"Ooooh..."
"Telurnya pun bernilai tinggi."
Aku mencomot paha ayam bakar. Mengambil sejumput kangkung rebus hasil panen. Menambah sambal dadak yang sekejap menyengat mulut, tapi kemudian muncul rasa enak yang membuat ketagihan. Sejenak aku membaui ayam sedang digoreng.
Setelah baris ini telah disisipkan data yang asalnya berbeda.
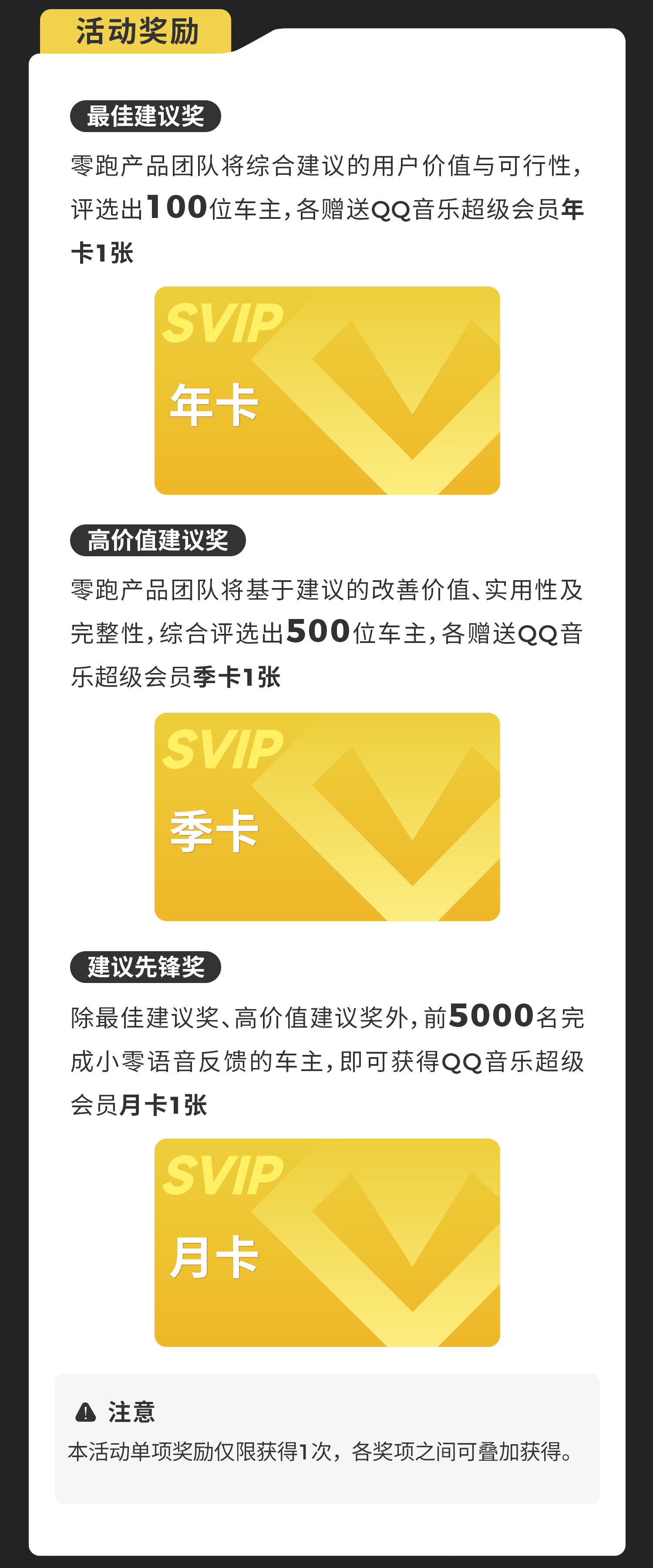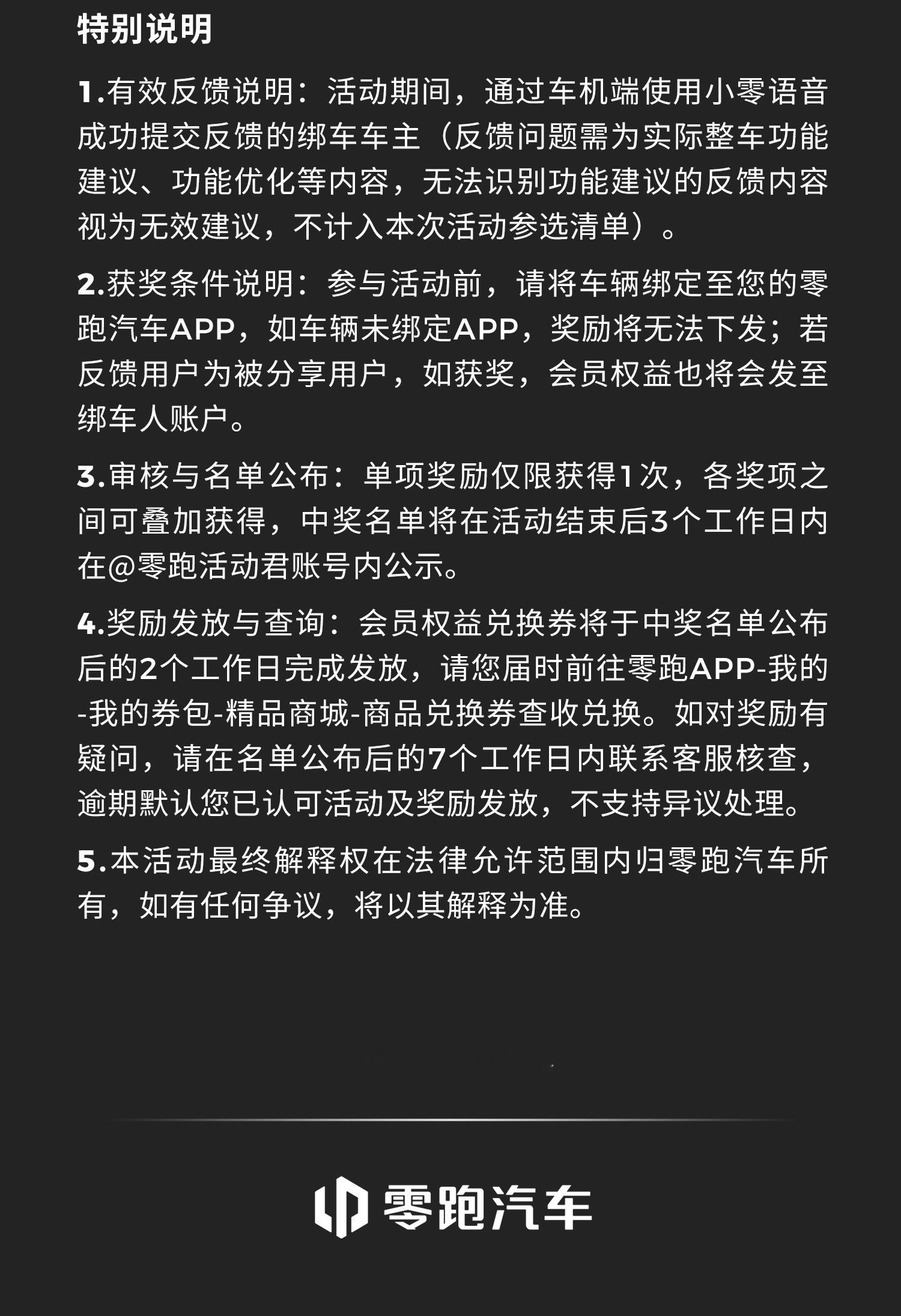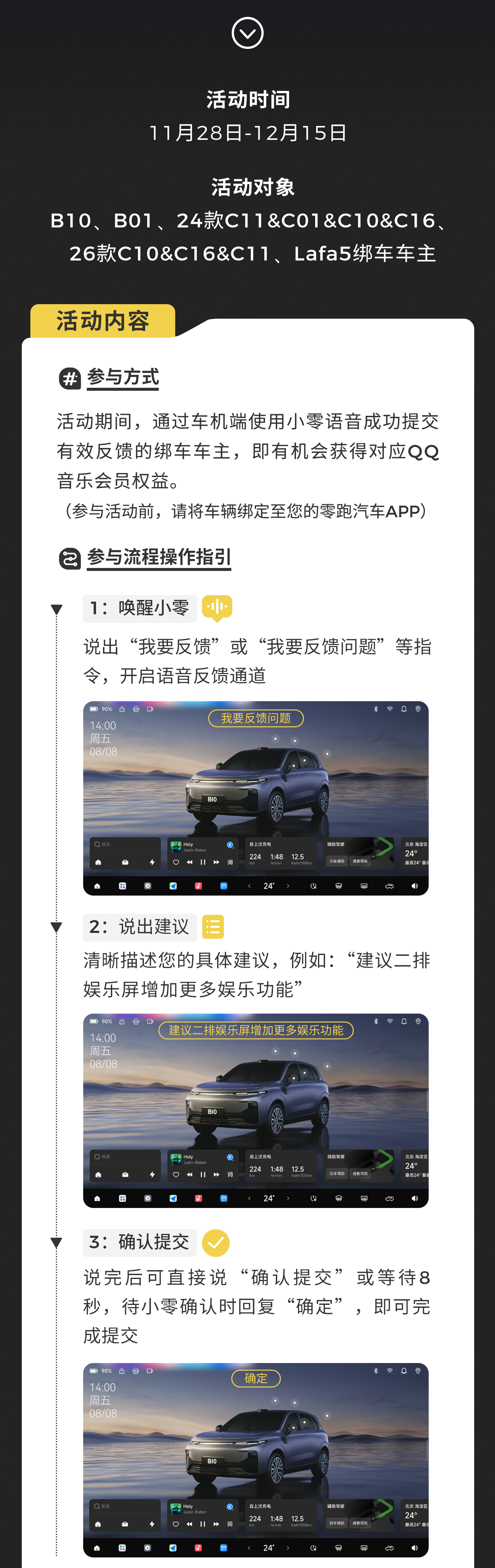 🚗零跑车机【小零语音反馈】功能上线啦。零居提建议,零跑送好礼!5000张QQ音乐超级会员月卡,先到先得。只需三步:1️⃣唤醒小零“你好小零”-2️⃣提建议-3️⃣确认提交领好礼🎶领取方式:QQ音乐会员以券码发放到零跑APP,使用你车机绑定的手机号登录领取。🎁转发+关注,抽100位幸运儿,送上QQ音乐超级会员年卡1张 抽奖详情

Selanjutnya ia menjelaskan, makanan ayam kampung berasal dari bahan alami. Tidak sedikit pun mengandung unsur kimiawi. Masyarakat menggandrungi olahan ayam kampung tanpa pakan buatan.
"Beternak ayam buras merupakan bisnis menjanjikan!"
Aku mengangguk-angguk seraya menyeka cabai berikut rombongan yang tertinggal di bibir.
"Hayo, habiskan ayam bakarnya! Masih ada ayam goreng."
***
Hampir setahun aku tidak ke tempat kawan yang cerewet, namun kadang memicu rasa kangen itu. Ah, sebetulnya aku juga ingin makan enak di rumahnya, seraya memandang peternakan dan kebun yang mendamaikan hati.
Pada satu sore, aku menyempatkan diri mengunjunginya. Sepi mengalir. Semilir angin mengantarkan wangi yang sangat kukenal. Aroma daging bakar! Aku mengetuk pintu.
"Kebetulan. Ayo ke dalam, lagi bakar sate nih."